El sostén emocional
Estaba en 3er grado. Fui la única del curso que saqué un excelente en una prueba re difícil de matemática. Con divisiones y todo.
La primera sorprendida fui yo, la segunda la maestra. Cada una en su intercambio interno, no podíamos creer que una alumna “tan regular” como lo era yo, haya superado ampliamente el objetivo.
Tal vez se imaginen el alboroto entre mis compañeros. Un lugar que solo está reservado para la mejor alumna, fue desbancado por una “doña nadie” en matemática de golpe y porrazo.
Como saben, esto tiene un alto costo. La competencia en la que transitábamos las aulas en aquellos años y aún hoy, me hizo pagar con lágrimas de sangre aquel atrevimiento de desafiar, sin proponérmelo, los lugares académicamente esperados para esa sala.
De la noche a la mañana pasé de ser la medio pelo en matemática a la copiona, la acomodada con la seño o los más benévolos, a dudar sobre la correcta corrección de aquella por mí maldecida prueba de matemática.
Deseé con fuerza haber sacado un Bueno+ como en casi todas mis evaluaciones anteriores. Pero no, el excelente estaba escrito en el margen superior del lado derecho, en verde y cursiva.
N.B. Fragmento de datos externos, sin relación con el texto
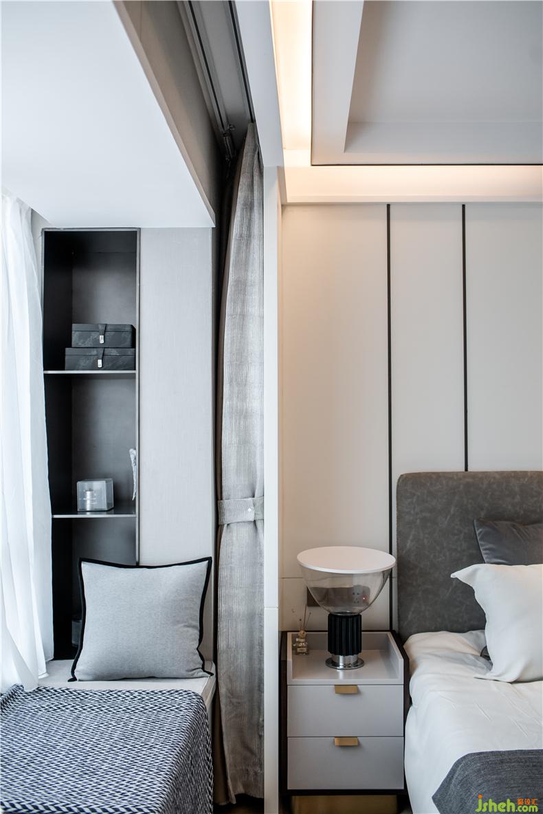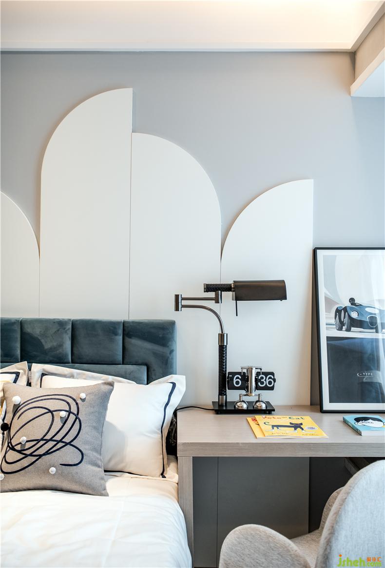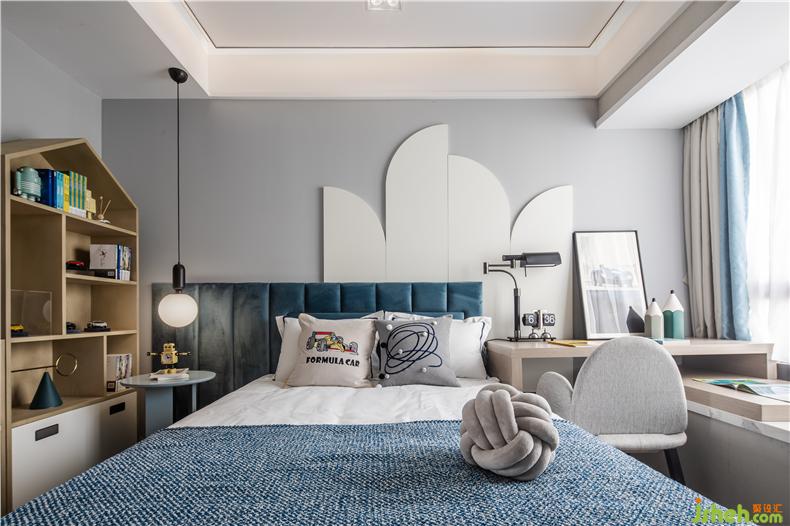 空間色彩簡(jiǎn)潔明快,白色統(tǒng)領(lǐng)了房間的主體色,樣板房設(shè)計(jì)微微的藍(lán)色成了房中驚鴻一瞥的點(diǎn)綴。

No quedaban dudas.
Ya en la fila del patio para retirarnos, mi hermano, que iba a 7mo y siempre fue más rápido que las liebres, se acerca y me dice: “ya sé lo que pasó. Vos no le des bola a nadie. Te espero al lado del portón de madera a la salida”
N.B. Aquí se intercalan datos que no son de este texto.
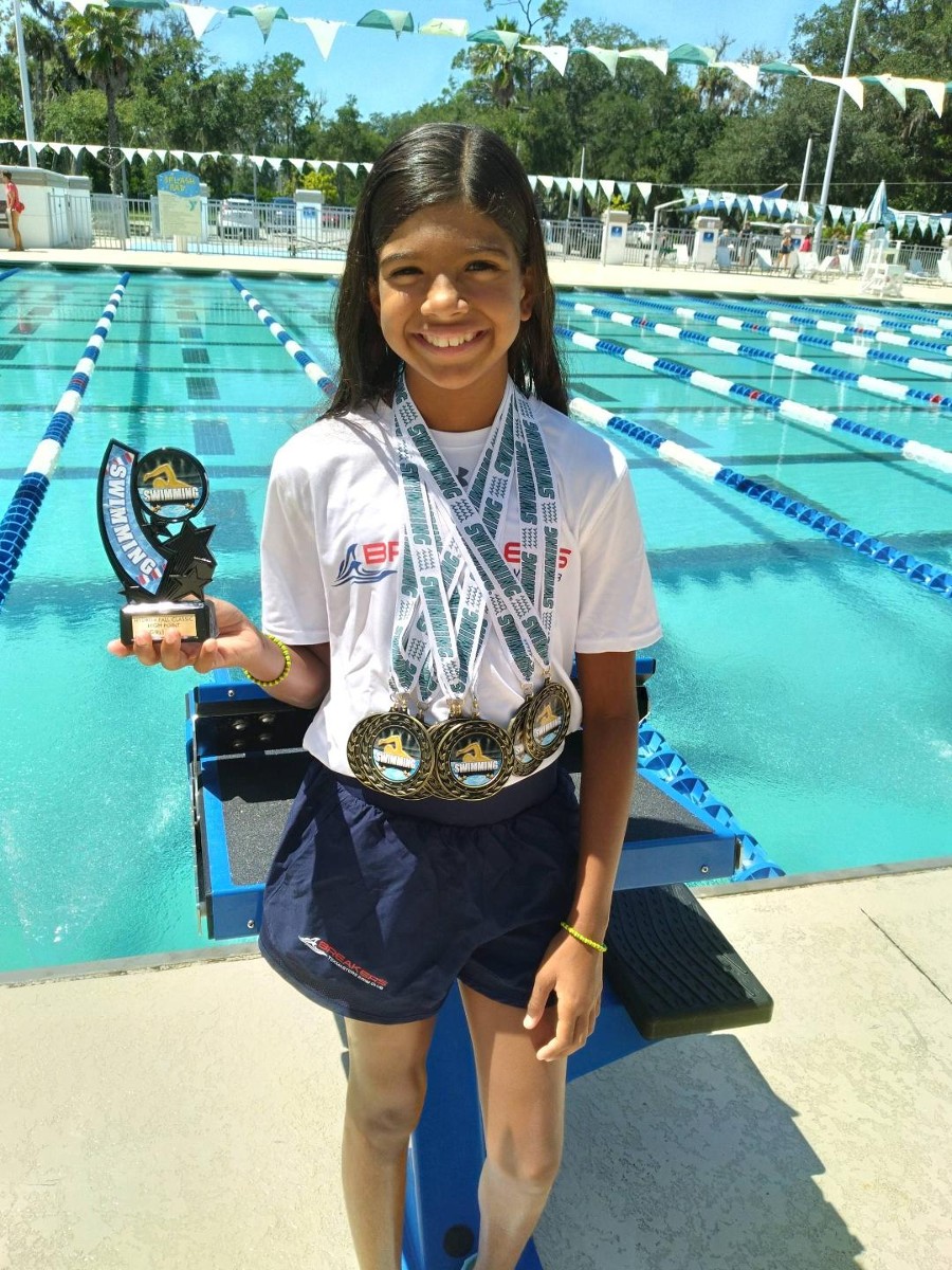 Mai Perez (10) won the high point trophy and several medals at the Hydro4 Fall Classic swim meet this weekend. Mai also broke a few TMSC records. Way to go, Mai!

Esas palabras necesarias, amorosas, simples, alcanzaron para erguirme la espalda, levantarme la frente y sacarme de los lugares más incómodos en los que un niño puede estar: la soledad y la desolación.
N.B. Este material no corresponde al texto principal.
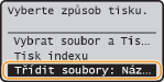 Vyberte <Třídit soubory> a stiskněte

El episodio vuelve a cobrar sentido ante cada situación difícil. Saber que hay alguien que entiende mi dolor, que me espera en el portón de madera y que resuelvo situaciones conflictivas sin escuchar opiniones ajenas.
Esto es acompañar la infancia, esto es ser adulto testigo.
A veces son los mapadres o los hermanos, o las maestras. Muchas, muchas veces son las maestras.